[Excerpts from a dataset]
- Opening Delimiter -
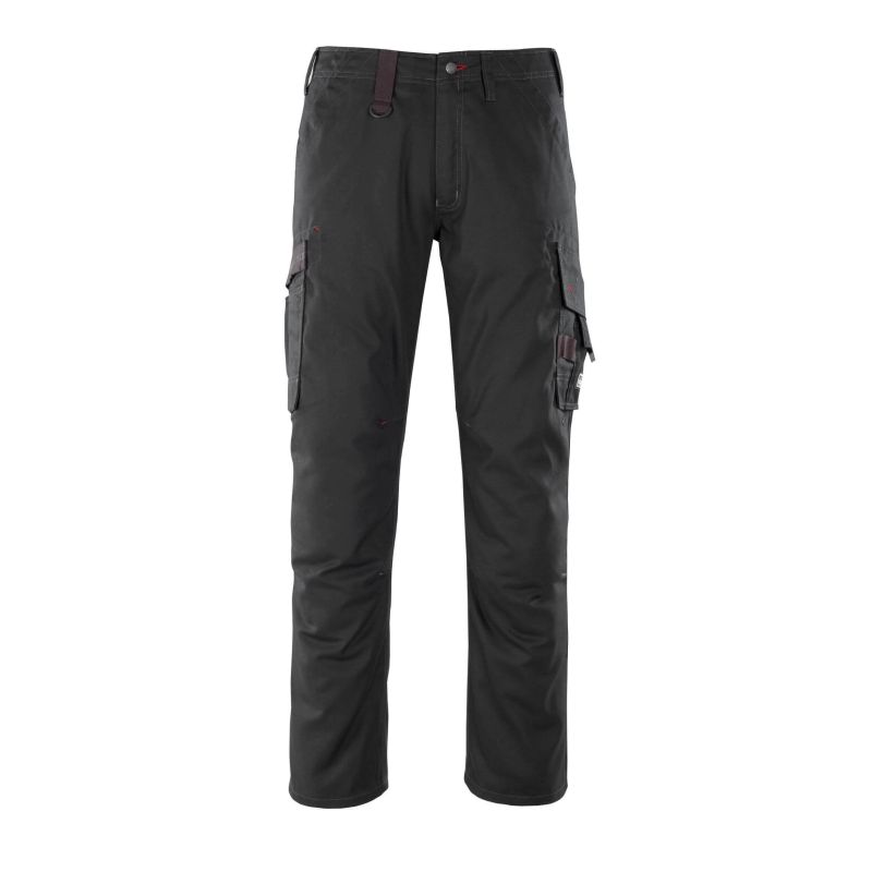 Zweifache und dreifache Kappnähte an den Beinen und im Schritt. Niedrige Taille und formgeschnittener Bund. Hosenbeine sind ergonomisch geformt. Gürtelschlaufen. Hosenschlitz mit Reißverschluss. Vordertaschen. D-Ring. Gesäßtaschen, eine mit Patte und Klettverschluss und eine mit verdecktem Reißverschluss. Schenkeltaschen, eine mit Patte und Klettverschluss und eine mit verdecktem Reißverschluss. Handy-Schenkeltasche mit Patte und verstellbarem Klettverschluss. Kontraste (rote), diskret an verschiedenen Stellen des Produktes platziert. Reflexeffekte. OEKO-TEX® STANDARD 100
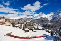 De Rhätische Bahn in de winter in Arosa in Graubünden, Zwitserland.
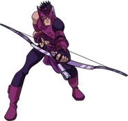 - Hawkeye/Clint Barton: es un ex agente de S.H.I.E.L.D. Barton fue aparentemente traicionado por su ex-compañera, la Viuda Negra. Empeñado en limpiar su nombre, se une a Los Vengadores para luchar contra el mal y exponer a la Viuda Negra como una doble agente.
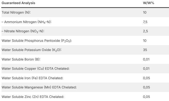 10-10-35+TE NPK fertilizer is a high-performance, water-soluble fertilizer formulated to supply the potassium requirements of plants towards the end of their growth cycle. This fertilizer is enriched with nitrogen, phosphorus and essential trace elements (TE).Most popular related searches
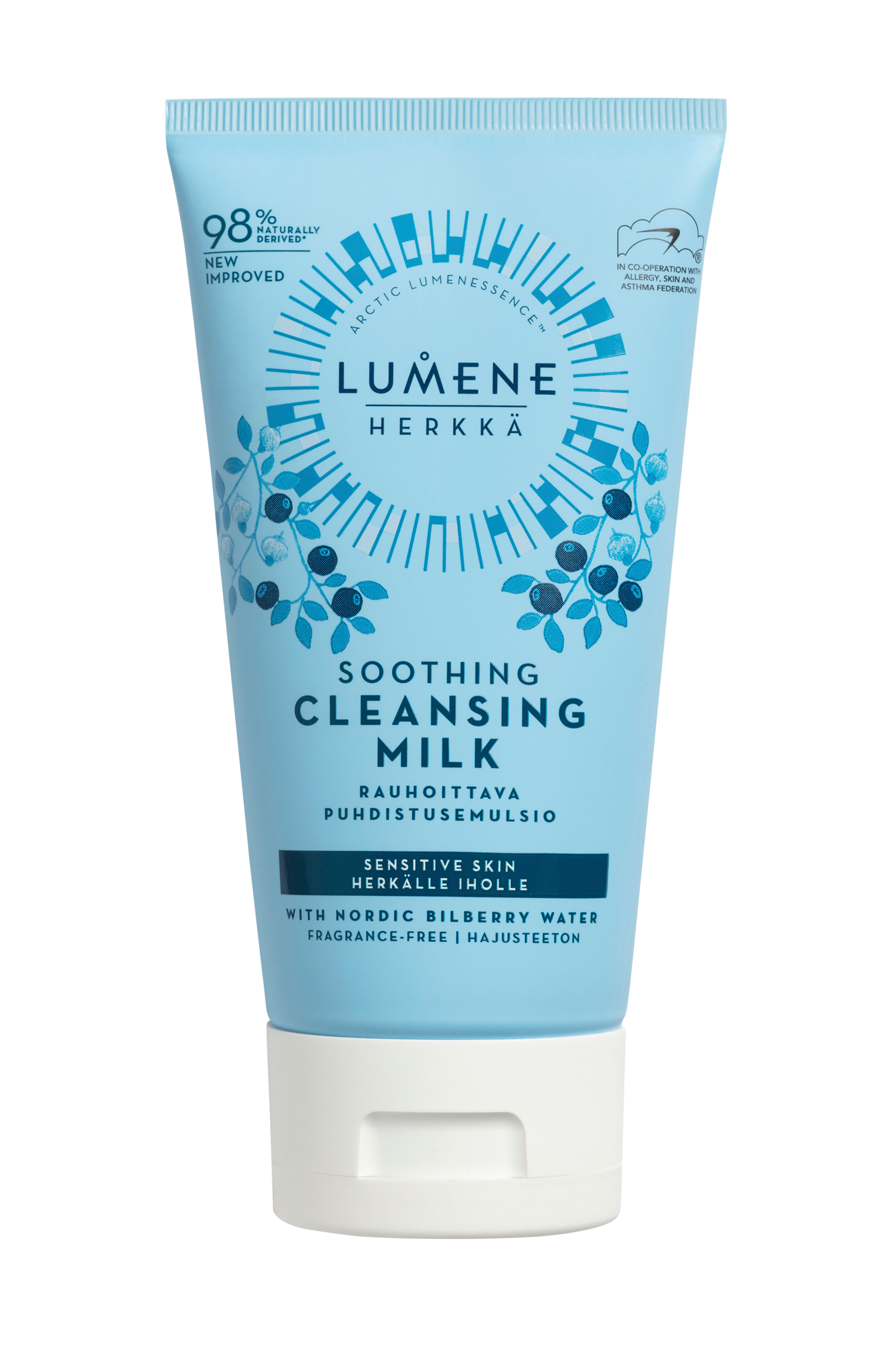 En let rensemælk beriget med blåbærvand og arktisk kildevand, som skånsomt fjerner makeup og urenheder uden at irritere sart hud. Den plejende konsistens beroliger huden og giver den næring, så den straks føles rolig, balanceret og genfugtet. Formlen er parfumefri og er udviklet i samarbejde med Allergi-, Hud- og Astmaforbundet i Finland. Velegnet til sart hud. 100% vegansk.
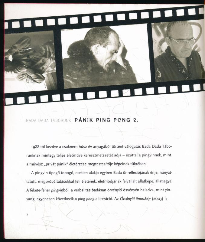 Pánik Ping Pong 2. Bada Dada Táborunk retrospektív pánik kiállítása. Bada Dada (Bada Tibor, 1963-2006) RAJZOS DEDIKÁCIÓJÁVAL! Bevezető: Beke Zsófia. Bp., 2004, Studio 1900 Galéria. Bada Dada műveivel és róla készült fotókkal illusztrált katalógus. Kiadói papírkötés.
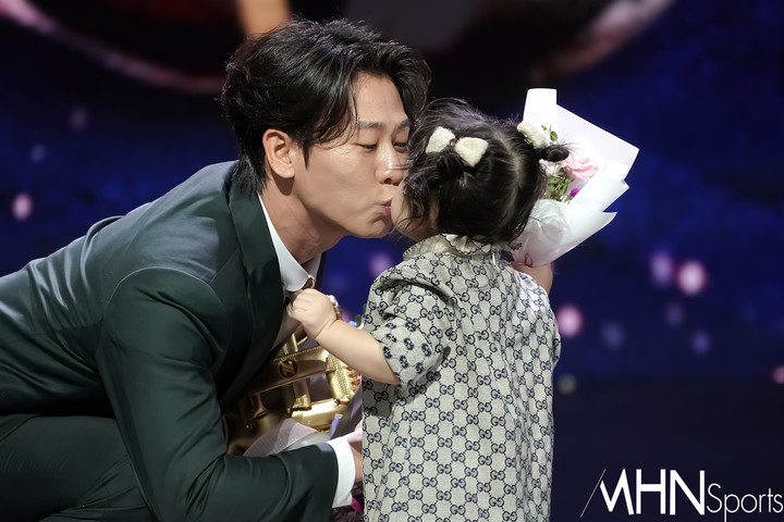 스포츠 박찬호, 생애 첫 황금장갑 받고 딸과 키스
- Closing Delimiter -
*What needs to be done*: Above, find the line with "10-10-35+TE NPK fertilizer"; copy it and every line down to the line with "En let rensemælk", exactly and both included, but no pictures.

*Your solution*:
 10-10-35+TE NPK fertilizer is a high-performance, water-soluble fertilizer formulated to supply the potassium requirements of plants towards the end of their growth cycle. This fertilizer is enriched with nitrogen, phosphorus and essential trace elements (TE).Most popular related searches
 En let rensemælk beriget med blåbærvand og arktisk kildevand, som skånsomt fjerner makeup og urenheder uden at irritere sart hud. Den plejende konsistens beroliger huden og giver den næring, så den straks føles rolig, balanceret og genfugtet. Formlen er parfumefri og er udviklet i samarbejde med Allergi-, Hud- og Astmaforbundet i Finland. Velegnet til sart hud. 100% vegansk.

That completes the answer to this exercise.